On the question of why, definitely we can come back to you and explain the rationale behind the "why." My point is, let's try to answer your question before the summer adjournment. If the committee wishes to make a decision to postpone until the fall, we'll take that decision. We have another at least three weeks to go, so why not use those three weeks to try to bring up some answers to your question. If that's not satisfactory, then we'll decide.

I definitely have a lot of support for the comments that were made by Senator Smith, and definitely we need to find some kind of consensus.

There's no point rushing an amendment to the rules without securing a consensus. If we don't agree on why, then we have a problem; but we'll come up with an answer to that.

The Chair: Thank you, Senator Nolin. The analyst advises that the information will be provided prior to the next meeting.

Senator Fraser: In response to Senator Martin, with whom it is a pleasure to work on a daily basis, I might say, she mentioned partly in passing how it's difficult to explain to people from the other side, by which I think she meant the House of Commons, and the public why some things stand on the Order Paper. This, if I may say so, is a case of the pot calling the kettle black.

Senator Cools: Right.

Senator Fraser: When we send bills passed by the Senate, other than government bills, to the House of Commons, they go to the bottom of the order of precedence. There they languish for a long, long time. If we amend a House of Commons private member's bill and send it back, it goes to the bottom of the order of precedence and quite likely may never be seen again.

In contrast, if you look at what's been done in this session, you will see that a number of private member's bills have received third reading in the Senate. None of them as yet, if memory serves, have been bills sponsored by members of my party; but, hey, who's counting?

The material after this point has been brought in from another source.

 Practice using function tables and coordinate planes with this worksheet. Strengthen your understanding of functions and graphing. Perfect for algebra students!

I guess the point I'm trying to make is that the evil, if there is an evil, to take a long time to consider something is perhaps less pronounced than some people sometimes tend to think. Quite often, there are real reasons that a bill is not taken up for rapid consideration. On balance, I think that the public has been well served by that.

I'm not here to say that I just want to block all change everywhere, any time, affecting anything at all, but I do think that this is a very large change that we need to consider in the context of what is done here and of where we want to go in the Senate in the context of the Westminster system in general.

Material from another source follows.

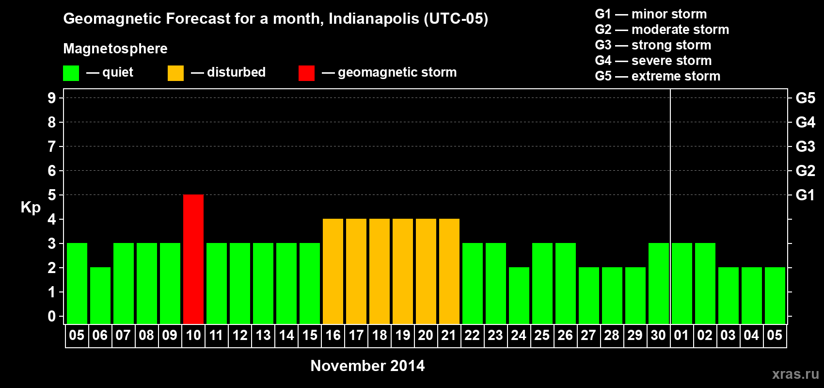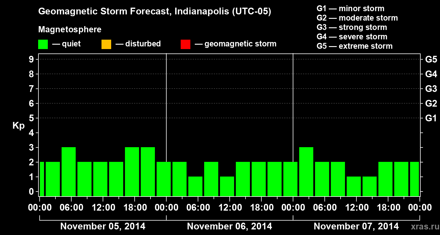 Geomagnetic storm forecast in Indianapolis for Nov 05, 2014

I agree that consensus is important. Consensus doesn't necessarily mean veto power. Sometimes it can, and I've gone through that when proposing rule changes and the other side just said "no" and that was that. It is also highly desirable for us to work together to try to achieve common ground; and I would not want anybody to think that I dispute that.

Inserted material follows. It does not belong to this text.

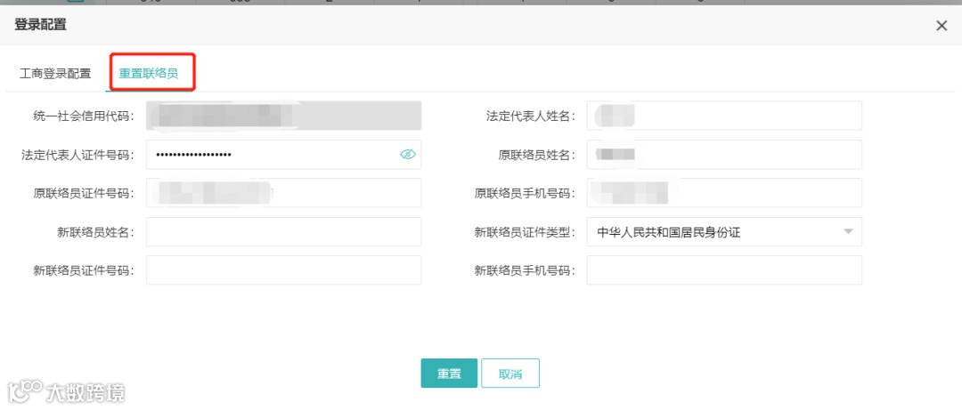 ③如需变更联络员,可在【登录配置】-重置联络员模块变更新的联络员信息。

Senator Cools: I would like to renew my concern for these proposed changes, which I articulated last week but I would like to renew. I view these changes as not in the least bit related to modernization of the Senate. I think we should admit that the Senate is quite a modern institution and has been for quite some time. It's not helpful to describe rule changes that have the effect of disabling our freedom of speech and the independence of individual members. We should not couch those kinds of serious changes in language of modernity, because I see limitations of free speeches as medieval and futile. I just wanted to say that. There are many matters here that are niggling.

Yes, government business has priority, but it is not clear in the contemporary situation in this chamber at the present that the persons who call themselves leaders of the government have access to those priority privileges. That is not clear because those privileges are accessed by virtue of the presence in the chamber of ministers of the Crown. They are not automatic privileges that just flow into existence, but they follow the presence of a minister of the Crown. That has been the state of affairs in the British system since 1689, when all those decisions were taken in pretty clear ways with the development of responsible government.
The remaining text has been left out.